Amendment No. 1 to the Cooperation Agreement, dated September 2, 2021, by and between CytRx Corporation and Jerald A. Hammann
AMENDMENT NO. 1 TO COOPERATION AGREEMENT
This Amendment No. 1 to the Cooperation Agreement (this “Amendment”), effective as of September 2, 2021, amends the Cooperation Agreement, (the “Agreement”) effective as of August 21, 2020, by and between CytRx Corporation, a Delaware corporation (the “Company”), and Jerald A. Hammann and his Affiliates (collectively, “Hammann”). The Company and Hammann are together referred to herein as the “Parties,” and each, a “Party.” Unless otherwise defined herein, capitalized terms shall have the meanings given to them in the Agreement.
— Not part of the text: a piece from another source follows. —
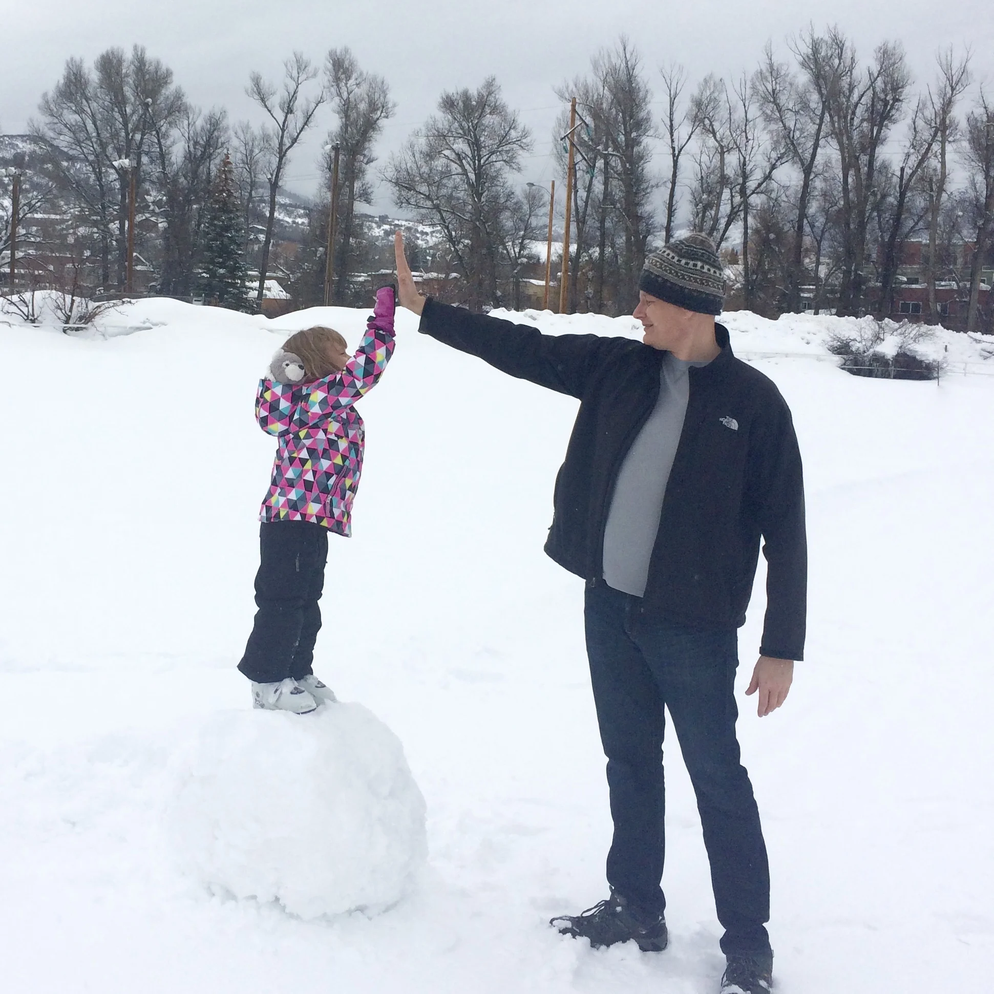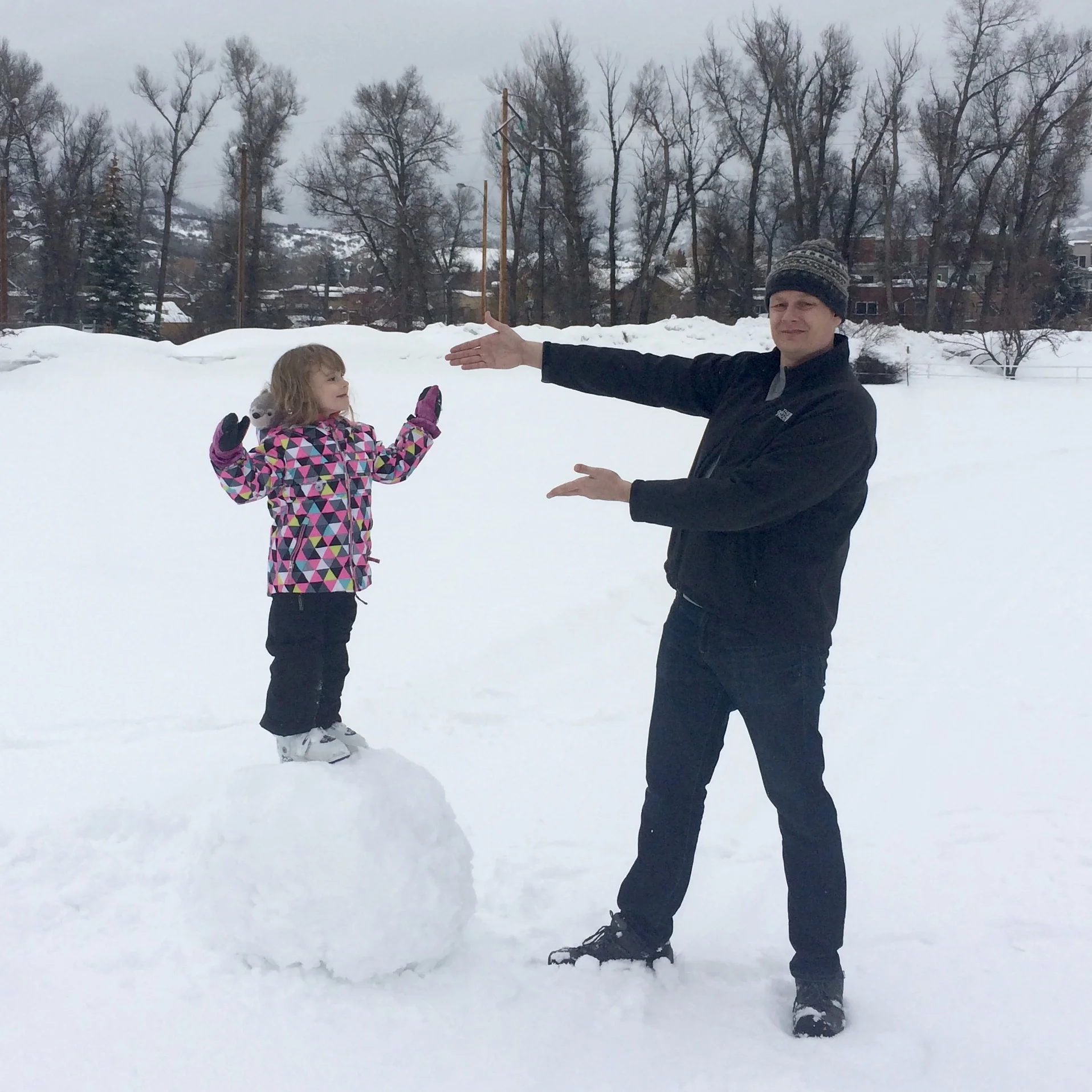- Daddy and Zo making a huge snowball at Howlson Hill this morning...

WHEREAS, Hammann beneficially owns 26,369 shares of Common Stock, as of the date of this Amendment;
WHEREAS, on August 4, 2021, Hammann filed a lawsuit against the Company and all of its directors in office as of the Effective Date in the Court of Chancery of the State of Delaware and styled Jerald Hammann v. CytRx Corporation, et al., C.A. No. 2021-0676-PAF (the “Hammann Litigation”);
WHEREAS, the Parties have determined that the interests of the Company and its stockholders would be best served by, among other things, avoiding the substantial expense and duration that would result from continuing the Hammann Litigation;
WHEREAS, pursuant to Section 21 of the Agreement, the Agreement may be amended, modified, or supplemented by an agreement in writing signed by each Party; and
WHEREAS, the Parties desire to enter into this Amendment regarding the composition of the Board, the Hammann Litigation, and certain other matters as provided in this Amendment.
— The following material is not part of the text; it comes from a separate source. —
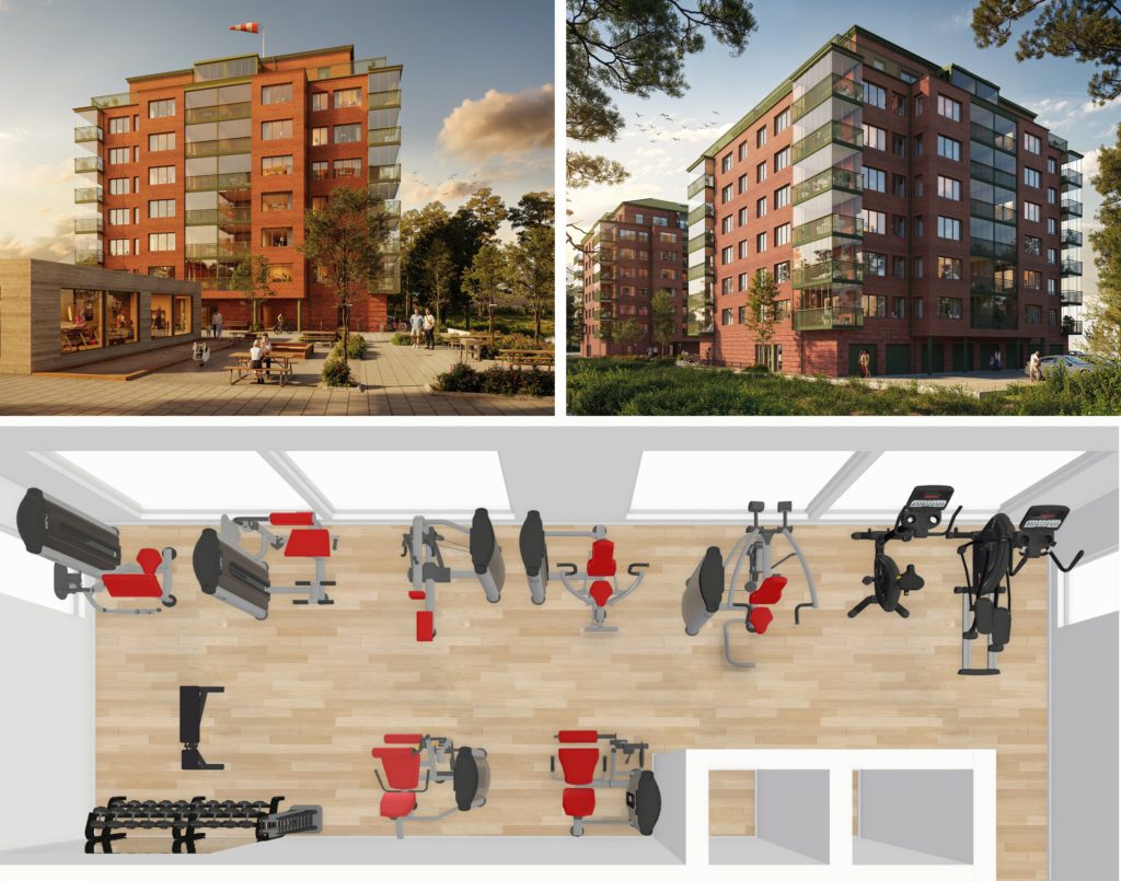 Mellan husen uppförs ett eget gym med kvalitativa maskiner och fria vikter, exklusivt för hyresgästerna. En trivsam och komplett träningsmiljö,

NOW, THEREFORE, in consideration of the promises, representations and mutual covenants and agreements set forth herein, and for other good and valuable consideration, the receipt and sufficiency of which are hereby acknowledged, the Parties hereby agree as follows:
1. Amendments to Section 1 of the Agreement. Section 1(b) of the Agreement is hereby amended and restated in its entirety to read as follows:
“(b) Board Policies and Procedures. Each Party acknowledges that each of the New Director and Potential Director (as defined below), upon his or her respective appointment to the Board, shall be governed by all of the same policies, processes, procedures, codes, rules, standards and guidelines applicable to members of the Board, including, but not limited to, the Company’s Corporate Governance Guidelines and Code of Business Conduct and Ethics and any other policies on stock ownership, public disclosures and confidentiality (collectively, the “Company Policies”), and shall be required to strictly adhere to the Company’s policies on confidentiality imposed on all members of the Board. Notwithstanding anything to the contrary contained in this Agreement and/or the Company Policies, Hammann shall not request, analyze, review or use any Confidential Information (as defined below) of the Company provided to Hammann by the New Director or Potential Director that such New Director or Potential Director learns in his or her capacity as a member of the Board; and Hammann shall promptly (and in every instance within two (2) business days following any sharing of or attempt to share Confidential Information by the New Director or Potential Director with Hammann) inform the Company, in the manner set forth for communicating with the Company in the Company Policies, if the New Director or Potential Director shares or attempts to share Confidential Information with Hammann.”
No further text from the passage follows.